What is the benefit of using the fat content table?
The tables are not intended to provide accurate daily fat intake calculations. That makes little sense in the long run. Rather, this compilation is intended to raise awareness of the fact that many foods do not contain fat and that its amount would hardly be guessed.
With this information in mind, you will unconsciously make adjustments to your shopping, cooking, and eating. However, don’t feel compelled to eliminate foods from your menu altogether, especially those you like. After all  , many high-fat foods taste particularly good. Reduce and look for alternatives is the motto.
Pleasure does not necessarily depend on the quantity. It is therefore advisable to reduce the fatty part of a meal and replace it with an increased proportion of carbohydrates (potatoes, pasta, rice , wholemeal bread). There are also alternatives for numerous foods. It is easily possible to replace a product with a similar but much lower-fat product without having to make any sacrifices in terms of enjoyment.Â
accuracy and completeness of the information
The information on the fat content of the food is to be understood more as an approximate guide value. Absolute accuracy is not possible for the following reasons:
- Food comes from living organisms. The different growth, husbandry and nutrient supply result in fluctuations in the nutrient composition.
- If the food is a processed product, the content depends on the composition (recipe) used by the manufacturer.

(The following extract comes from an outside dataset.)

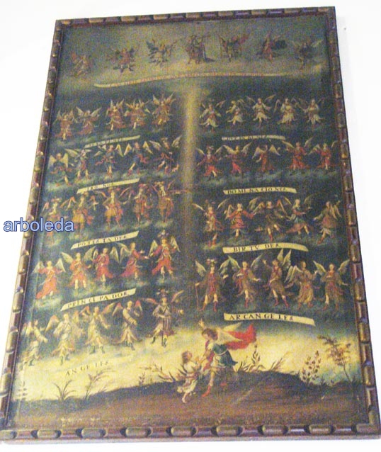 “HERARCHA ANGELORUM” (XVII) Iglesia de San Nicolás, Sanlúcar de Barrameda, Cádiz. Una de las pinturas más curiosas de la parroquia de San Nicolás es la que representa las distintas familias jerárquicas de los ángeles.
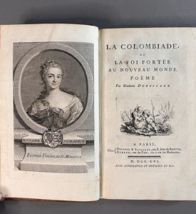 DUBOCAGE (Madame). La Colombiade, ou la foi portée au Nouveau Monde. Paris, Desaint& Saillant, Durand, 1756. In-8, veau marbré, dos lisse orné, tranches rouges (Reliure de l’époque). - Édition originale, ornée d’un portrait de l’auteure...

For many products, however, the nutrient composition is noted directly on the packaging.
- Different analytical methods can also lead to fluctuations in the information.
Of course, not all foods can be listed. The selection should be enough to give you a basic idea of ​​which foods are particularly low in fat or high in fat. This selection therefore does not claim to be complete.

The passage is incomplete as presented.